This week I attended an English Language Learners workshop with my coteachers. In our classroom, we have 4 families who have bilingual homes, and soon we'll get 2 more from our toddler room. Our families speak French, Spanish, German, Polish, and Dutch. Although we're supportive of these language differences and attempt to bring books and language into the classroom to reflect the children's homes, myself and my coteachers are all English language speakers. I often wonder how it feels for children in our class used to the fluidity of bilingual households and what it means for them to come to our fast-paced, all English classroom.

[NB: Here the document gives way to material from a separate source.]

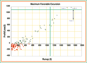 The maximum favorable excursion (MFE) and maximum adverse excursion (MAE) methods were developed by John Sweeney in several articles published in Technical Analysis of STOCKS & COMMODITIES. They are based on plotting a scatterplot diagram showing each trade's final profit or loss versus its maximum runup (for MFE) or drawdown (for MAE). Runup and drawdown are defined as maximum unrealized profit and loss during each trade.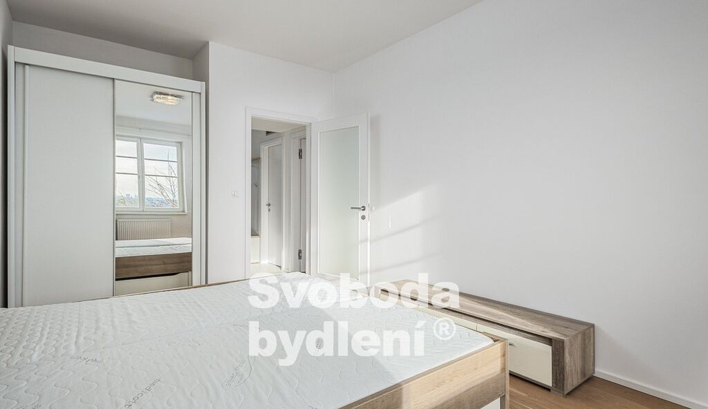 Obývací pokoj a vedlejší ložnice díky jižní orientaci a vyššímu patru nabízí příjemné prosvětlení a výhled přes střechy domů do okolí. Ložnice s balkonem jsou orientovány na sever do vnitrobloku. Kuchyňská linka je vybavena všemi spotřebiči (elektrickou varnou deskou, troubou, lednicí a myčkou). V koupelně nalezneme velký sprchový kout, umyvadlo a topný žebřík. Komora v bytě disponuje přípojkou na pračku a sušičku. Základní vybavení v bytě zůstává (postel, skříň, skříňka pod TV, jídelní stůl se židlemi) .

In high school, I attended a school where many of my classmates spoke English as a second language or were multi-lingual. My advisor was also multi-lingual, speaking English, Hebrew and Spanish interchangeably and flowing easily from one into the other. Our advising group discussions were often interspersed by bursts of Spanish phrases and words, and the majority of my classmates spoke Spanish at least half the time at home. I grew up in a culturally rich but monolingual household, before the era of Dora the Explorer and bilingual children's toys. My first real exposure to “foreign” language wasn't until junior high, when I took Latin for two years. Following that I managed to get out of high school with only one year of foreign language (French, taught by an ancient multi-lingual Brother who often lapsed into German, Latin and Somali) and attended a college that had no language requirements. In all of my 22 years, even after a month touring Europe, I've managed to learn no more language than I could pick up on a show like Dora.
For my students, the world is slightly different, both from my own experience and that of my high school classmates. The children in our class come primarily from upper middle class households, families that chose to immigrate to our country as opposed to refugees, migrant workers and other less choice based immigrants. Even our bilingual students speak English as their primary language, with their parent's native tongue being their second or third language. Many of the cultural and linguistic difficulties between families and childcare providers don't effect the often American educated bilingual families we serve. Although the workshop was interesting, and important for providers working with many families, it didn't feel particularly relevant to our current families.
In fact, as my coteachers and I discussed later, many of our bilingual students have developed better letter recognition and literacy skills than our students who only speak English, probably in part because of the focus their parents put on English literacy in the home. Food for thought.